## Work task
Every line of the listing should be retyped exactly, but none of the pictures should be.

## Material provided
***
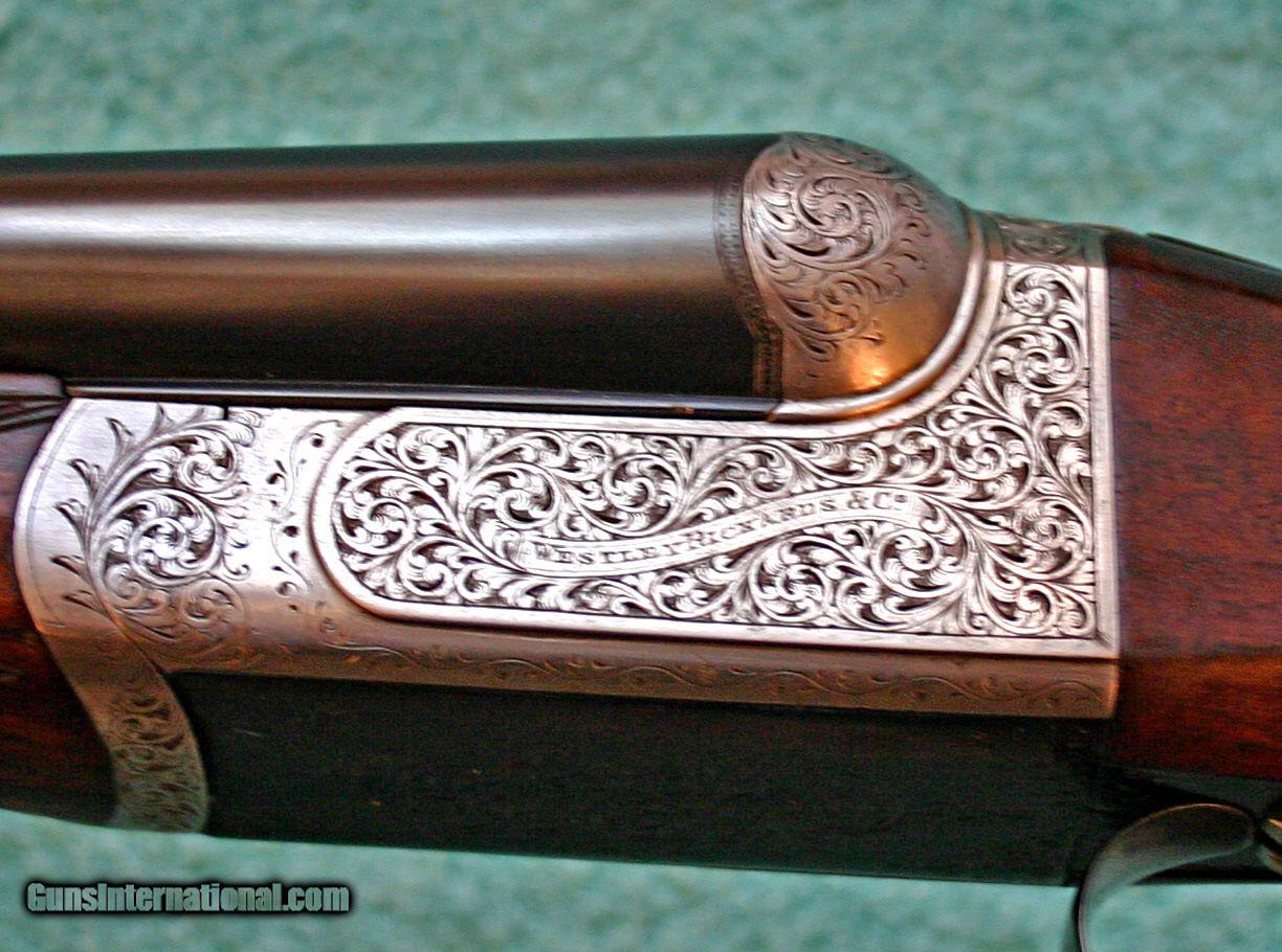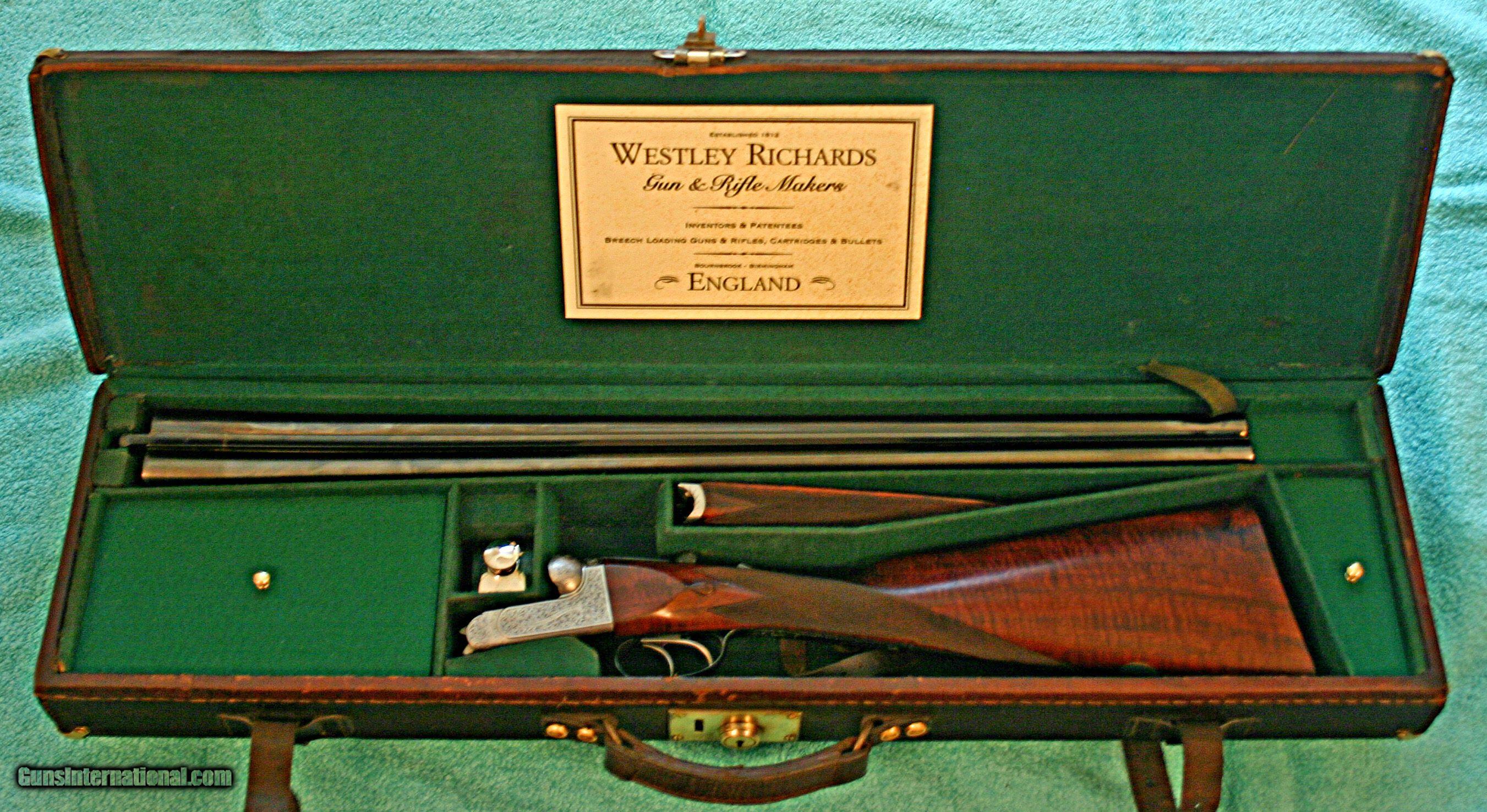 Description: SOLD *** Westley Richards Deluxe Drop Lock, Ejector, 12 gauge, 2 ¾” 27” bls, Hinged Floorplate, Excellent Plus Westley Richards Deluxe Detachable Locks (Droplock) Ejector shotgun, 12 ga., 2 ¾” chambers, 27” fluid steel barrels, choked F, IM. In excellent condition, this is the most advanced boxlock action ever created: the hand detachable lock action with side panels, hinged bottom plate, clipped fences and two triggers. Action has long bar beetle back automatic safety with “SAFE” in gold, dolls head extension 3rd bite, concave game rib engraved “Westley Richards.” No serious shotgun collection or battery of fine shotguns is complete without a Westley Richards droplock. If you don’t have one, your ensemble is incomplete. And if you want one, this is a BEST example. It is the Deluxe model with full coverage scroll engraving over a pleasing combination of coin finish and blackened bottom plate, trigger guard, and lower tang. The makers name is engraved in banners on both side panels, with beautifully figured dark English walnut with straight hand stock with vacant inlaid monogram gold oval; and matching splinter forend with an inlayed horn tip. Although built in 1923, serial number 7171 still has bright bores and a lifetime of use with minimum wall thicknesses of .035” for both barrels, and was totally re-inspected and tuned up by Westley Richards in 2015. The barrels were re-blacked by Westley Richards at that time as it was found without issue and with all original components, and had been well maintained. Chokes are .729 left (F) and .733 right (IM). Dimensions are 14 ½” (to checkered butt) x 1 ½” x 1 7/16” with ¼” cast off (for the right hand). Weight 7 lb. 4 oz. This is a great example of droplock boxlock that if more length is needed, could easily go to 15 ½” with the addition of a 1” leather-covered pad. Major Sir Gerald Burrard, in his trilogy on sporting guns, The Modern Shotgun, wrote: “Westley Richards detachable lock guns are undoubtedly the strongest, weight for weight, of all the box lock actions.” See his explanation below* This pre-owned gun was purchased by me from Westley Richards and shipped from London. It comes in its original case with maker’s label. The 1923 case has had some (minimal) professional restoration as 93-year-old English wool is not as durable as 93-year-old wood and metal that has been well maintained. History of the Westely Richards Droplock: Michael McIntosh, in his Gamefield Classics, writes (about Westley Richards): “You’d think having patented the first effective top fastener for a break-action gun, the original boxlock design, and the two most widely copied forend fasteners in the world would be enough. In 1907, Leslie Taylor and John Deeley (then owners of Westley Richards) patented a bottom plate that is removeable… such that you can lift the locks out with your fingers and reinstall them, or replacements, in mere moments…. In 1908 Taylor patented a change in which the bottom plate is hinged at the rear and simply swings open like a trapdoor.” Geoffrey Boothroyd, in his book, Sidelocks and Boxlocks, writes (with respect to Westley Richards drop lock): “The detachable lock has a number of benefits. There is the utter simplicity of the lock, four moving parts, and the ease of removal and replacement. We are of course, fortunate, that Westley Richards are very much still in business and that they also still build guns…I don’t have a Westley Richards with detachable locks…Indeed, the locks, when detached, are a delight to behold and, if I were fortunate enough to own a Westley Richards gun of this type, I think I would keep these jeweled masterpieces separate from the gun and have them mounted in a suitable display case so that I could enjoy looking at them when not in use.” *Major Sir Gerald Burrard, in his trilogy on sporting guns, The Modern Shotgun, explained that the detachable lock system, besides being nifty, is an extremely strong gun frame since there is no reason to drill a hole through the action bar for the tumbler peg, allowing the need to mill only narrow slots in the bar to accommodate the locks which leaves more steel in the frame than that of the conventional box lock. Buyer must furnish current FFL copy for shipping. Buyer has 3-day full refund non-firing return privilege. Price: $13,500.00 Seller is the author of The Rifleman’s Rifle (Winchester pre-64 Model 70s) and will furnish a Letter of Provenance that this gun is from his collection. Please check out author’s feedback on ebay under rcrwin70roger. Shipping is $50 to buyer’s FFL, payment by MO, certified check , wire transfer or personal check with wait for validation. For questions, call (678) 971-4173 and ask for Roger. SOLD |
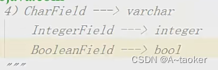 - default 指定默认值,”“ 或者 123 或者 True(BooleanField 等,其他也有这个)
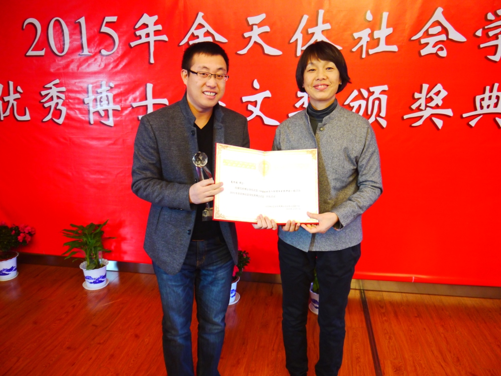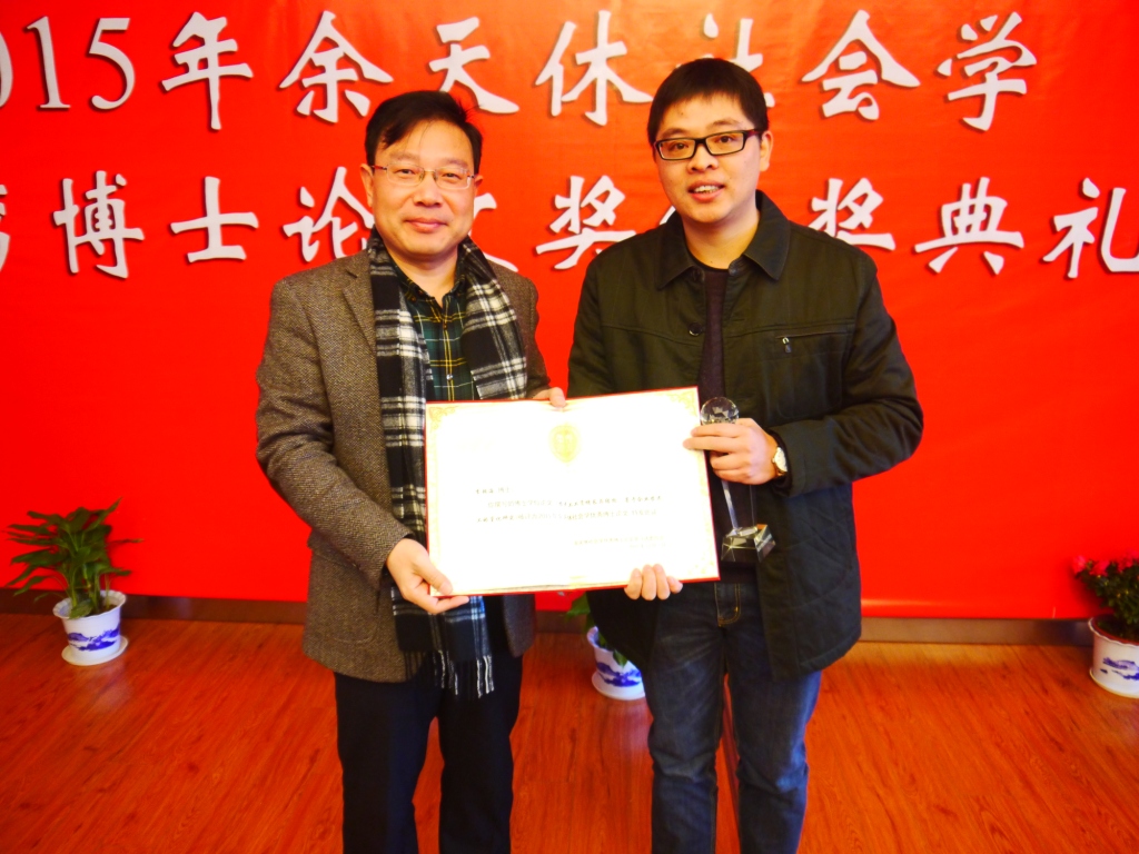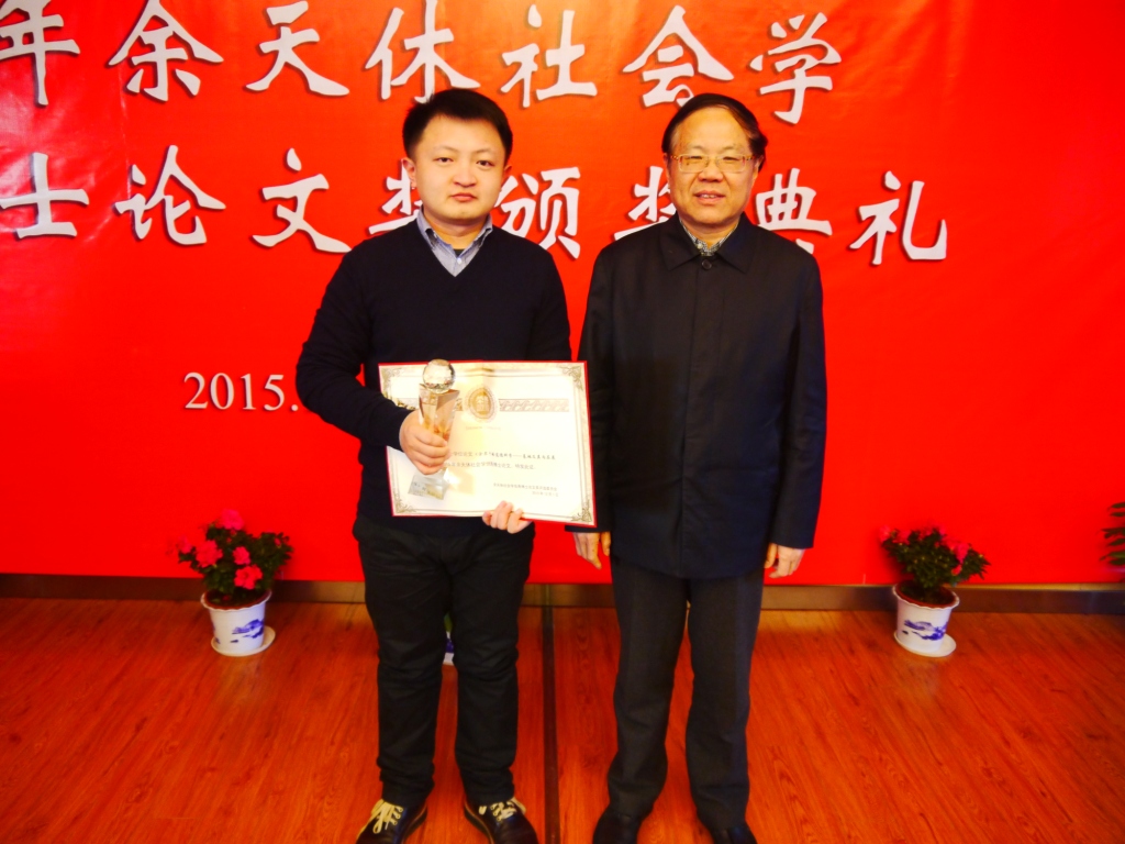 宋林飞教授又为北京大学社会学系的陈涛博士颁发了证书和奖杯。陈涛博士说,能够获得这个奖项既是对他本人的肯定,也是对社会学领域内做理论研究的肯定,他感到由衷的高兴。陈涛博士介绍了自己的选题来源,他认为不同的研究其背后都会有共同关心的问题,涂尔干《自杀论》中的统计分析、《社会分工论》中提出的类型分析以及其宗教研究的人类学取向,其实都关注到共同的、基本的问题,回到经典理论的意义就在于,让我们看到不同的研究取向曾经所共有的研究问题是什么,这个问题这就是他论文的主题对于“道德科学”的探讨。涂尔干的根本设想是一旦可以把握道德的起源和变迁就可以取代传统的哲学和伦理学、基于人性去推演道德的方式。但是,今天某种程度上社会学已经忽视了这门学科最初所关注的问题——对于道德和政治现象的思考。他希望通过学科史的研究将社会学和之前的道德科学以及政治哲学关联起来,挖掘它们背后的问题。最后,陈涛博士感谢了自己的母校北京大学,感谢导师谢立中教授,他说在北大遇到了许多在治学和为人上都能作为自己榜样的老师,给了他宽松的学术研究环境,帮助他能够将“无用”研究很顺畅地展开。
***
## Written solution
 Description: SOLD *** Westley Richards Deluxe Drop Lock, Ejector, 12 gauge, 2 ¾” 27” bls, Hinged Floorplate, Excellent Plus Westley Richards Deluxe Detachable Locks (Droplock) Ejector shotgun, 12 ga., 2 ¾” chambers, 27” fluid steel barrels, choked F, IM. In excellent condition, this is the most advanced boxlock action ever created: the hand detachable lock action with side panels, hinged bottom plate, clipped fences and two triggers. Action has long bar beetle back automatic safety with “SAFE” in gold, dolls head extension 3rd bite, concave game rib engraved “Westley Richards.” No serious shotgun collection or battery of fine shotguns is complete without a Westley Richards droplock. If you don’t have one, your ensemble is incomplete. And if you want one, this is a BEST example. It is the Deluxe model with full coverage scroll engraving over a pleasing combination of coin finish and blackened bottom plate, trigger guard, and lower tang. The makers name is engraved in banners on both side panels, with beautifully figured dark English walnut with straight hand stock with vacant inlaid monogram gold oval; and matching splinter forend with an inlayed horn tip. Although built in 1923, serial number 7171 still has bright bores and a lifetime of use with minimum wall thicknesses of .035” for both barrels, and was totally re-inspected and tuned up by Westley Richards in 2015. The barrels were re-blacked by Westley Richards at that time as it was found without issue and with all original components, and had been well maintained. Chokes are .729 left (F) and .733 right (IM). Dimensions are 14 ½” (to checkered butt) x 1 ½” x 1 7/16” with ¼” cast off (for the right hand). Weight 7 lb. 4 oz. This is a great example of droplock boxlock that if more length is needed, could easily go to 15 ½” with the addition of a 1” leather-covered pad. Major Sir Gerald Burrard, in his trilogy on sporting guns, The Modern Shotgun, wrote: “Westley Richards detachable lock guns are undoubtedly the strongest, weight for weight, of all the box lock actions.” See his explanation below* This pre-owned gun was purchased by me from Westley Richards and shipped from London. It comes in its original case with maker’s label. The 1923 case has had some (minimal) professional restoration as 93-year-old English wool is not as durable as 93-year-old wood and metal that has been well maintained. History of the Westely Richards Droplock: Michael McIntosh, in his Gamefield Classics, writes (about Westley Richards): “You’d think having patented the first effective top fastener for a break-action gun, the original boxlock design, and the two most widely copied forend fasteners in the world would be enough. In 1907, Leslie Taylor and John Deeley (then owners of Westley Richards) patented a bottom plate that is removeable… such that you can lift the locks out with your fingers and reinstall them, or replacements, in mere moments…. In 1908 Taylor patented a change in which the bottom plate is hinged at the rear and simply swings open like a trapdoor.” Geoffrey Boothroyd, in his book, Sidelocks and Boxlocks, writes (with respect to Westley Richards drop lock): “The detachable lock has a number of benefits. There is the utter simplicity of the lock, four moving parts, and the ease of removal and replacement. We are of course, fortunate, that Westley Richards are very much still in business and that they also still build guns…I don’t have a Westley Richards with detachable locks…Indeed, the locks, when detached, are a delight to behold and, if I were fortunate enough to own a Westley Richards gun of this type, I think I would keep these jeweled masterpieces separate from the gun and have them mounted in a suitable display case so that I could enjoy looking at them when not in use.” *Major Sir Gerald Burrard, in his trilogy on sporting guns, The Modern Shotgun, explained that the detachable lock system, besides being nifty, is an extremely strong gun frame since there is no reason to drill a hole through the action bar for the tumbler peg, allowing the need to mill only narrow slots in the bar to accommodate the locks which leaves more steel in the frame than that of the conventional box lock. Buyer must furnish current FFL copy for shipping. Buyer has 3-day full refund non-firing return privilege. Price: $13,500.00 Seller is the author of The Rifleman’s Rifle (Winchester pre-64 Model 70s) and will furnish a Letter of Provenance that this gun is from his collection. Please check out author’s feedback on ebay under rcrwin70roger. Shipping is $50 to buyer’s FFL, payment by MO, certified check , wire transfer or personal check with wait for validation. For questions, call (678) 971-4173 and ask for Roger. SOLD |
 - default 指定默认值,”“ 或者 123 或者 True(BooleanField 等,其他也有这个)
 宋林飞教授又为北京大学社会学系的陈涛博士颁发了证书和奖杯。陈涛博士说,能够获得这个奖项既是对他本人的肯定,也是对社会学领域内做理论研究的肯定,他感到由衷的高兴。陈涛博士介绍了自己的选题来源,他认为不同的研究其背后都会有共同关心的问题,涂尔干《自杀论》中的统计分析、《社会分工论》中提出的类型分析以及其宗教研究的人类学取向,其实都关注到共同的、基本的问题,回到经典理论的意义就在于,让我们看到不同的研究取向曾经所共有的研究问题是什么,这个问题这就是他论文的主题对于“道德科学”的探讨。涂尔干的根本设想是一旦可以把握道德的起源和变迁就可以取代传统的哲学和伦理学、基于人性去推演道德的方式。但是,今天某种程度上社会学已经忽视了这门学科最初所关注的问题——对于道德和政治现象的思考。他希望通过学科史的研究将社会学和之前的道德科学以及政治哲学关联起来,挖掘它们背后的问题。最后,陈涛博士感谢了自己的母校北京大学,感谢导师谢立中教授,他说在北大遇到了许多在治学和为人上都能作为自己榜样的老师,给了他宽松的学术研究环境,帮助他能够将“无用”研究很顺畅地展开。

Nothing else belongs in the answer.